结晶相的凝固特性决定其凝固后的组织和性能,要对结晶相凝固特性与过程进行准确表征与有效控制,就必须知道熔体-结晶相固-液界面能的准确数据。本文结合作者长期以来对熔体-结晶相固-液界面能的研究工作,论述了熔体-结晶相固-液界面能实验测定和理论研究方面的相关进展。通过对不同温度下固-液界面能实验测定结果的分析比较,发现熔体-结晶相的固-液界面能随温度的降低而减小;找出了Spaepen固-液界面能模型与实验测定结果不相符的原因;提出基于固-液界面结构的固-液界面能理论模型及用其确定固-液界面能的方法。结果表明,当前模型对固-液界面能的预测结果不仅与熔点温度下实验值和模拟值相吻合,而且也与过冷温度下实验值和模拟值相吻合。

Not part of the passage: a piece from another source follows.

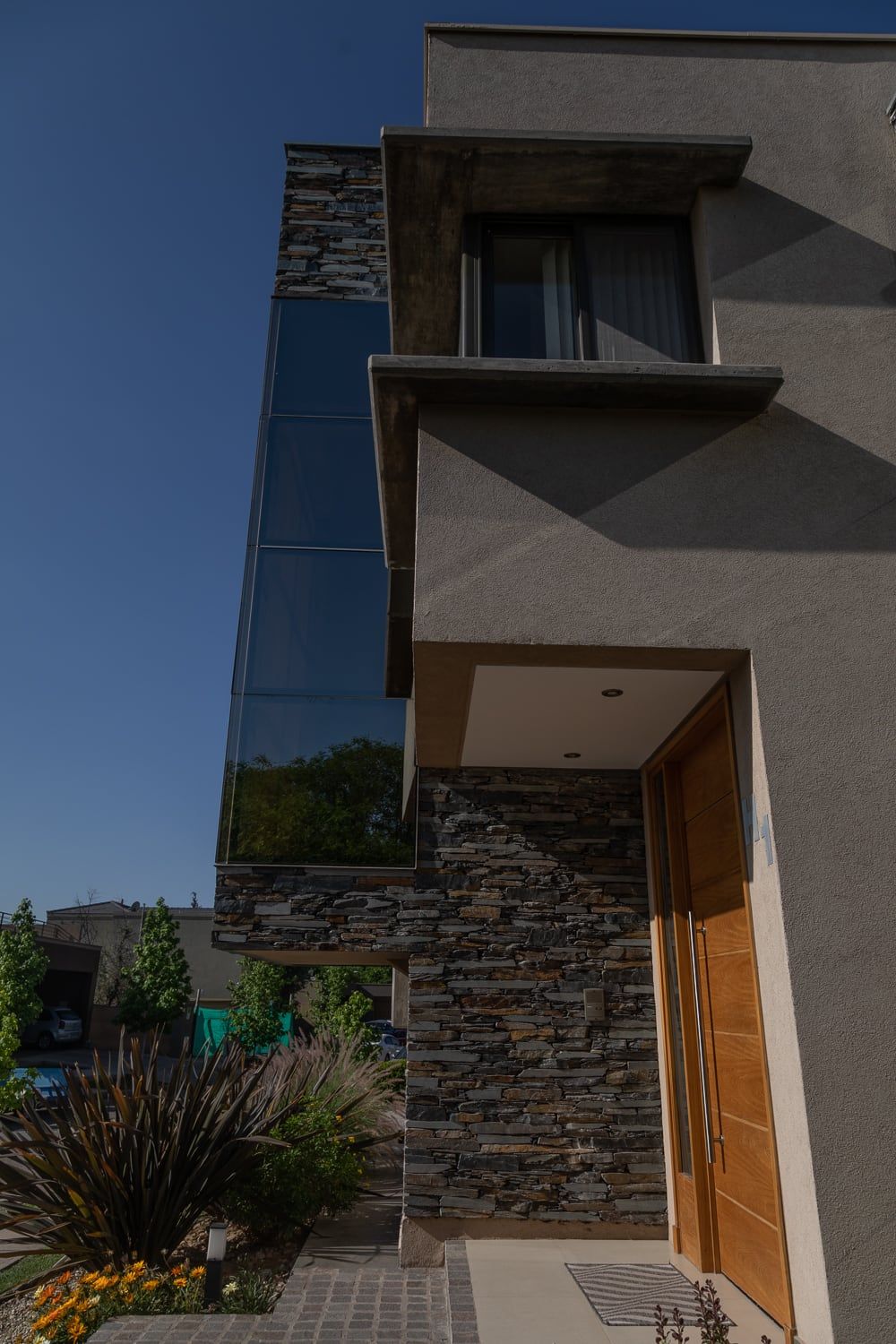 Las premisas de diseño estuvieron desde un principio muy definidas. Estéticamente busca líneas geométricas puras y limpias, pero tamizadas por la calidez de los materiales y el uso de recursos como canteros y vegetación.

关键词 ：固-液界面, 界面能, 过冷度, 金属, 小平面

Abstract：

Solid-liquid interfacial energy (SLIE) plays a crucial role in accurately evaluating solidification characteristics and effectively tuning the solidification process of crystals, which determines the structures and properties of crystals. This paper is based on the investigations of the authors on SLIE of melt-crystal in the past decade, and concentrates on reviewing the recent developments on the experimental and theoretical results of SLIE of melt-crystal. It draws several important conclusions by comparing various experimental results of SLIE under different temperatures. Firstly, the SLIE of melt-crystal decreases with the decrease of temperature. Secondly, the reason for different SLIE respectively obtained by Spaepen model and experimental measurement is revealed. Eventually, a model and method based on the structure of the solid-liquid interface for predicting the SLIE are proposed, and the results provided by this model are in line with the experimental results and the simulated results at the melting temperature, as well as the experimental results and the simulated results of the undercooled state.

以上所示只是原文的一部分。